### [EXERCISE INSTRUCTIONS]
Leave out the pictures, and copy exactly the lines from the line with "Brawl Stars El" through the last line of the data below.

### [DATA PROVIDED]
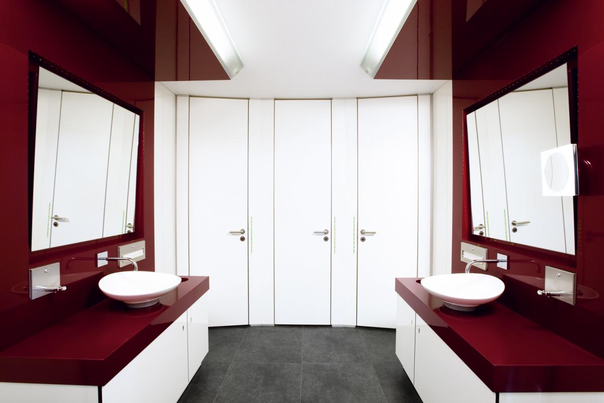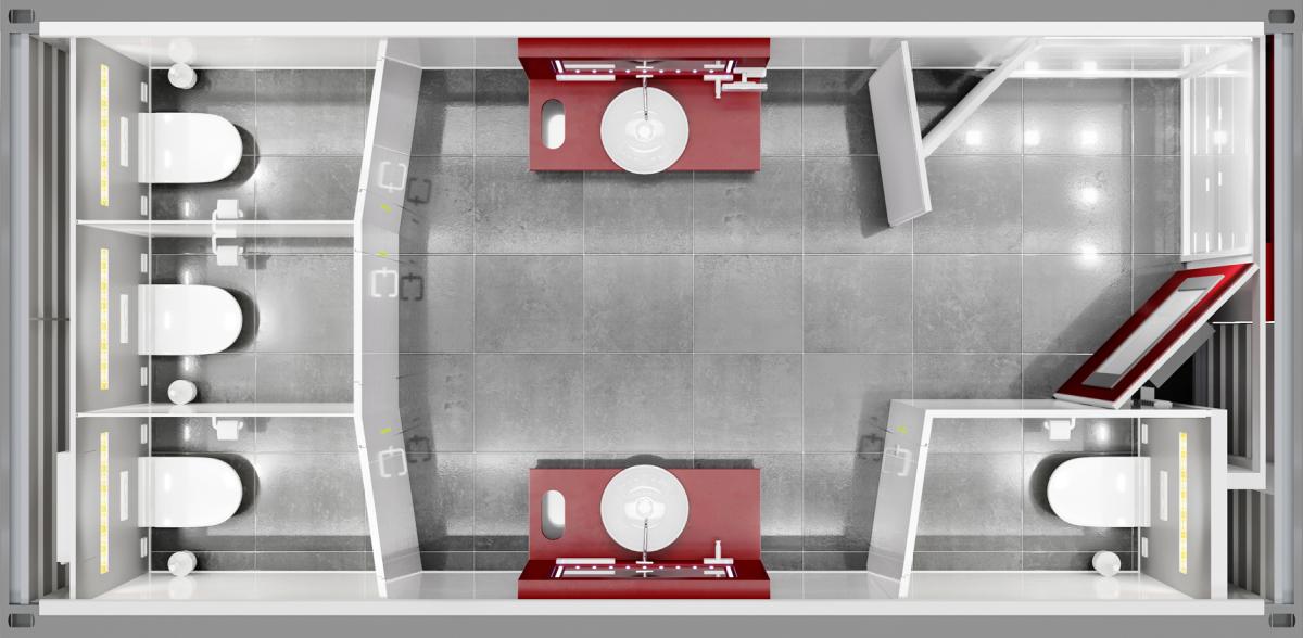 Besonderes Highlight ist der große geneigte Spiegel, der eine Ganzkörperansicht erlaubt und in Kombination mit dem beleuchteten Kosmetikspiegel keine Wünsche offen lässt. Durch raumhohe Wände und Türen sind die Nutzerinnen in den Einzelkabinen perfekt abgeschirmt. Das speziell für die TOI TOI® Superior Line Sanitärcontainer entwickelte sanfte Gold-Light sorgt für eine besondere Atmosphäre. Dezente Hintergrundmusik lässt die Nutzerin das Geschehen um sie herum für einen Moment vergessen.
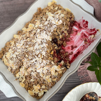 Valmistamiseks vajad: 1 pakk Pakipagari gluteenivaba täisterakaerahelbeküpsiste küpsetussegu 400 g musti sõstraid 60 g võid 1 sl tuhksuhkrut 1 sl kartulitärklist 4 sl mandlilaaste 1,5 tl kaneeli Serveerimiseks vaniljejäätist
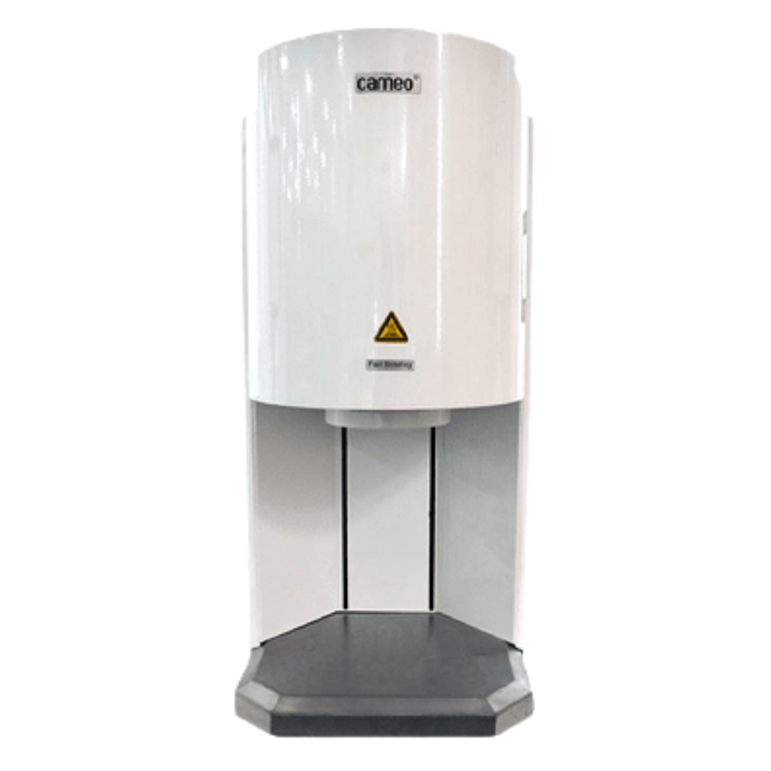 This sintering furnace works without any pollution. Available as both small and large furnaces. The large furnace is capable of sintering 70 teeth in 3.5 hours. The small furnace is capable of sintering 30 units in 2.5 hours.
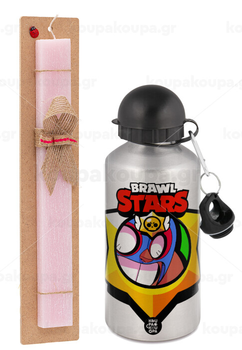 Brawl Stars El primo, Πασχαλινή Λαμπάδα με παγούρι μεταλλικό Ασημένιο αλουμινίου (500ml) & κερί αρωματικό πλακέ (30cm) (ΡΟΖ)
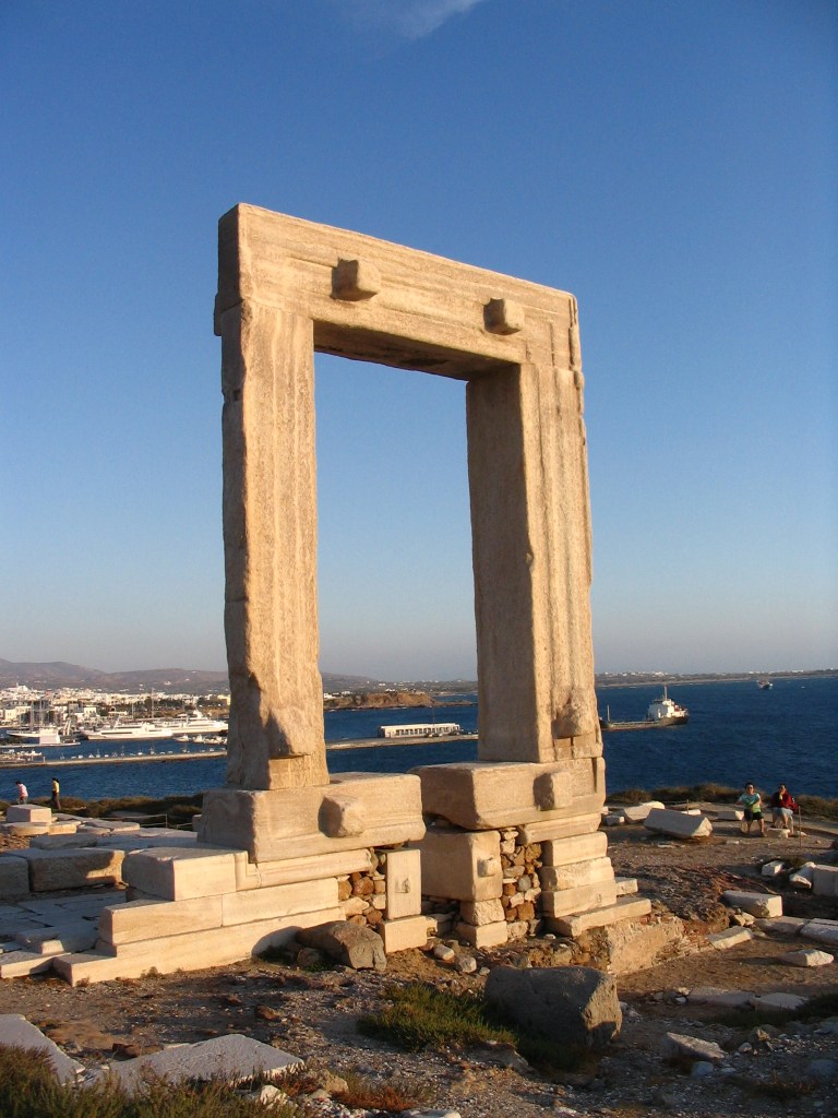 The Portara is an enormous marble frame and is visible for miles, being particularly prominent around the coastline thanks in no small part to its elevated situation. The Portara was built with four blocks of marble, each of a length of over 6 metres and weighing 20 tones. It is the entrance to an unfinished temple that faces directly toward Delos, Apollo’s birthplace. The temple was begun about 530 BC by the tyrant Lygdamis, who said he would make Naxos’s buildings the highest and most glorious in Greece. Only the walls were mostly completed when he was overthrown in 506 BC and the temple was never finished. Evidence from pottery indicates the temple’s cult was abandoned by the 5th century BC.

### [RESULT FOR THIS TASK]
 Brawl Stars El primo, Πασχαλινή Λαμπάδα με παγούρι μεταλλικό Ασημένιο αλουμινίου (500ml) & κερί αρωματικό πλακέ (30cm) (ΡΟΖ)
 The Portara is an enormous marble frame and is visible for miles, being particularly prominent around the coastline thanks in no small part to its elevated situation. The Portara was built with four blocks of marble, each of a length of over 6 metres and weighing 20 tones. It is the entrance to an unfinished temple that faces directly toward Delos, Apollo’s birthplace. The temple was begun about 530 BC by the tyrant Lygdamis, who said he would make Naxos’s buildings the highest and most glorious in Greece. Only the walls were mostly completed when he was overthrown in 506 BC and the temple was never finished. Evidence from pottery indicates the temple’s cult was abandoned by the 5th century BC.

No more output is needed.